Required action: Show me every line in the listing that has the word "Grande".

Source material:
┏━━

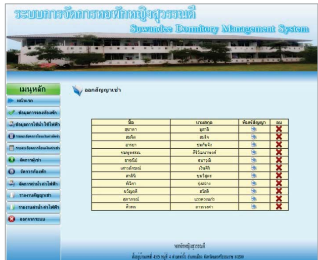
รูปที่ 10 แสดงหน้าเมนูออกสัญญาเช่า

จากรูปที่ 9 แสดงข้อมูลการจองห้องพักในส่วนของผู้ดูแลระบบ เมื่อผู้ดูแลระบบทำการตรวจสอบข้อมูลพื้นฐานของผู้เข้าเรียบร้อยแล้ว ผู้ดูแลระบบสามารถสั่งพิมพ์สัญญาการเช่าห้องพักได้เลย แสดงดังรูปที่ 10
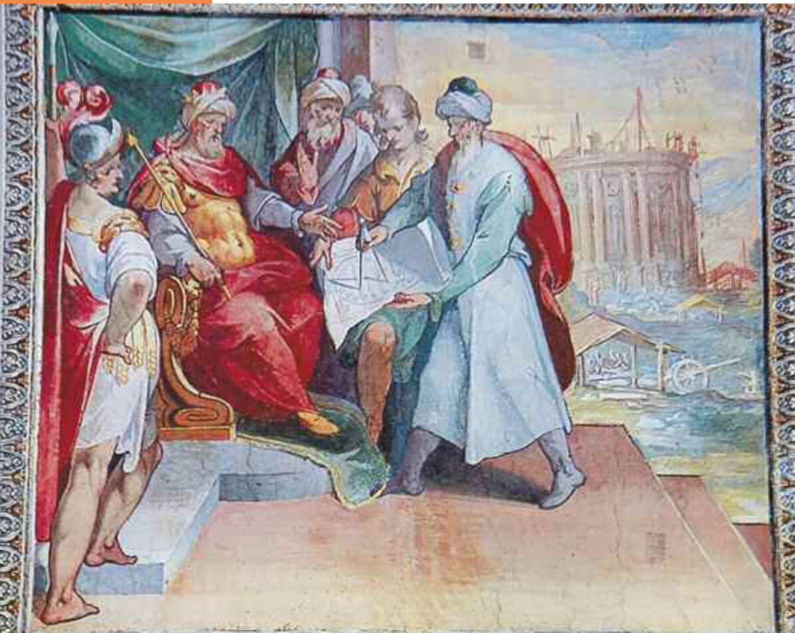
Attr. Giovanni Battista Ricci da Novara e Ludovico Lanzone, Hiram presenta al re Salomone il progetto del tempio in costruzione , 1585-87, Volta della Galleria di Palazzo Vento-Giustiniani. L'immagine è stata riprodotta nella copertina del libro di Carla Benocci, Nel tempio di Salomone. Le pitture con temi proto-massonici nelle residenze romane cinque-secentesche , Erasmio Edizioni, 2008, presentato a Villa Il Vascello il 29 ottobre dal Servizio Biblioteca del Grande Oriente d'Italia

Bollettino d'informazione del Grande Oriente d'Italia

┗━━

Expected answer:
Attr. Giovanni Battista Ricci da Novara e Ludovico Lanzone, Hiram presenta al re Salomone il progetto del tempio in costruzione , 1585-87, Volta della Galleria di Palazzo Vento-Giustiniani. L'immagine è stata riprodotta nella copertina del libro di Carla Benocci, Nel tempio di Salomone. Le pitture con temi proto-massonici nelle residenze romane cinque-secentesche , Erasmio Edizioni, 2008, presentato a Villa Il Vascello il 29 ottobre dal Servizio Biblioteca del Grande Oriente d'Italia
Bollettino d'informazione del Grande Oriente d'Italia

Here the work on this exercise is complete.